Kuros Charney
By Britt Gambino
Gotham teacher Kuros Charney fell in love with the theater by way of film. While studying at USC’s film school, he took a directing course in which the professor asked, “Have you ever thought about writing plays?” His natural ability for crafting character and dialogue—what Kuros calls the “essence of a play”—inspired him to take the leap from the screen to the stage.
And that’s not the only leap he’s made. Kuros has also sat in the director’s chair. When he’s deciding how to direct a play, Kuros looks for clues in the script. For this reason, he calls himself “a writer’s director.” (In other words, a director who is very faithful to the words on the page.) He works with actors to bring other writers’ characters to life, and vice-versa. Kuros has had many positive experiences working with directors who have done due diligence to his own work. “I’ve listened to them [directors] talk to actors and reveal things about the story that I didn’t even think of!” Kuros says. “It’s what drives me to this form—your writing is going to be performed, so you’re always inherently collaborating.”
Collaboration is indeed one the unique aspects of playwriting. “When you’re writing a novel,” Kuros says, “you think you have total control, but you can’t control what the reader is thinking or their visions. In a drama, an actor is kind of doing this extra work to get certain things across to an audience.” For example, an actor has the ability to give his or her character physical attributes (in the form of mannerisms, movements, or speech patterns, etc.) that can be difficult to convey solely on the page. Because a theatrical production is the result of a group effort, a playwright has some advantages over a prose writer. For one, he can engage in discussions with the entire creative team about various decisions.

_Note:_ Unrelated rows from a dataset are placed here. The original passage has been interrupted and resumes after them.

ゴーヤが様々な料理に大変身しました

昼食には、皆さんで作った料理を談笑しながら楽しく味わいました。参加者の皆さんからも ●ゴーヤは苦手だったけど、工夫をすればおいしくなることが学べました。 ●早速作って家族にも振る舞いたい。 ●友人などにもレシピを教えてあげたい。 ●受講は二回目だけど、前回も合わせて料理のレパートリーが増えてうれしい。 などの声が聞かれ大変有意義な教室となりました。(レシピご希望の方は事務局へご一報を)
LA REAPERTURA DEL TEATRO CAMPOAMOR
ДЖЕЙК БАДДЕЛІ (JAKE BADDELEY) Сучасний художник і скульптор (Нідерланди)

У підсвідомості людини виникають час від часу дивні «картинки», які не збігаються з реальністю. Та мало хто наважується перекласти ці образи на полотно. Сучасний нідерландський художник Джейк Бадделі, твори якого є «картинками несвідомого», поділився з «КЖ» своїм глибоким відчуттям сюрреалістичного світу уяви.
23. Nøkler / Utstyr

Kuros notes the main challenge for those new to playwriting: all the action has to be contained to the theater itself. “Were you picturing this on a stage or in the real world?” is a question Kuros frequently has to ask his students. “When you’re
reading a play, you have to be able to imagine all the action occurring on a stage,” he says. “You don’t have the same kind of liberty that you do with a screenplay.”
Simultaneously, it can be said there isn’t quite as much room for collaboration on a big budget film as there is in an Off-Broadway theater—or a theater anywhere for that matter. Kuros points out vibrant scenes in other cities around the country—San Francisco, Chicago, L.A., and Minneapolis. Outside the US, Kuros turns to London, which is considered the theater hub of the entire UK. But our neighbors across the pond have a distinct advantage: most of the UK is only a few hours away from the capital. “Because we’re [the US] so large, theater is inherently a regional art form,” Kuros explains. “Here, you’re really engaging with individual communities.”

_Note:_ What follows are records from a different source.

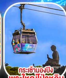
กระเช้าเองปีง พระใหญ่โป่วหลิน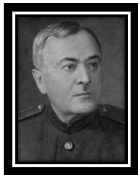
Александр Васильевич Александров

Название песни «Священная война» музыка А.Александрова, слова В Лебедева-Кумача. Стихотворение в газете прочитал руководитель Краснознаменного ансамбля песни и пляски Красной Армии А. В. Александров.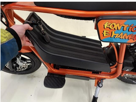
Ota akkukotelon kansi pois.

Ironically, even as theaters have grown across the country, there are still some who believe the art is dying. But that doesn’t faze Kuros. “I’ve been hearing theater is dead for as long as I’ve been alive,” he says. “The real question is what makes people
say theater is a dying art form? Is it because of money? Because it’s not as lucrative as film or television? We might as well tear down MoMa, the Met.”

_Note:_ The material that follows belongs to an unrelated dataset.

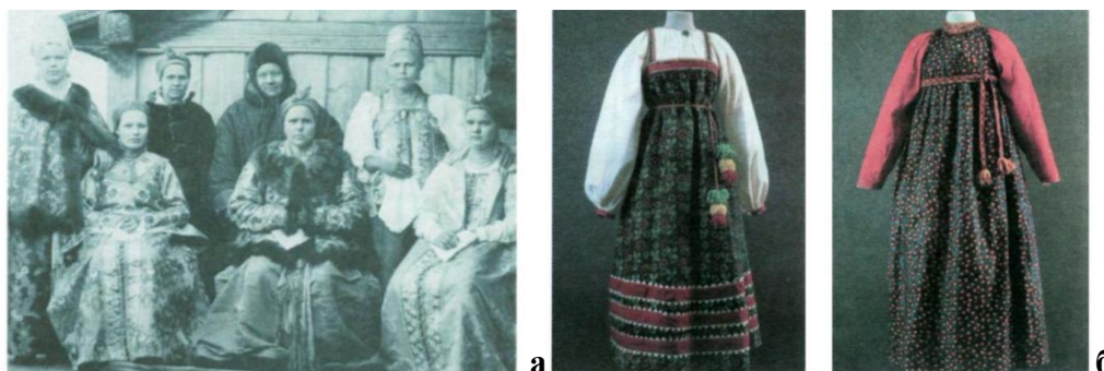
Рисунок 1. Национальные повседневные платья 1 : (а) Женщин Архангельской губернии; (б) Поморских женщин

Kuros asks, “Does art always have to serve the largest audience? No, because that’s not culture—that’s mass culture. I don’t think anyone would want to live in a world like that. Different art exists for different people.”
Currently, Kuros is at work on a play that explores his Iranian background. (His mother left Iran in the mid-1960s to pursue a medical internship in New York where she would become a physician and meet Kuros’s father.) He’s interested in delving into the society and culture that many Americans know little about. Between his mother and extended relatives, Kuros will have many different stories to tell.
“We’re always saying ‘write what you know,” Kuros says, “but I think ‘know what you write’ would be a better maxim.”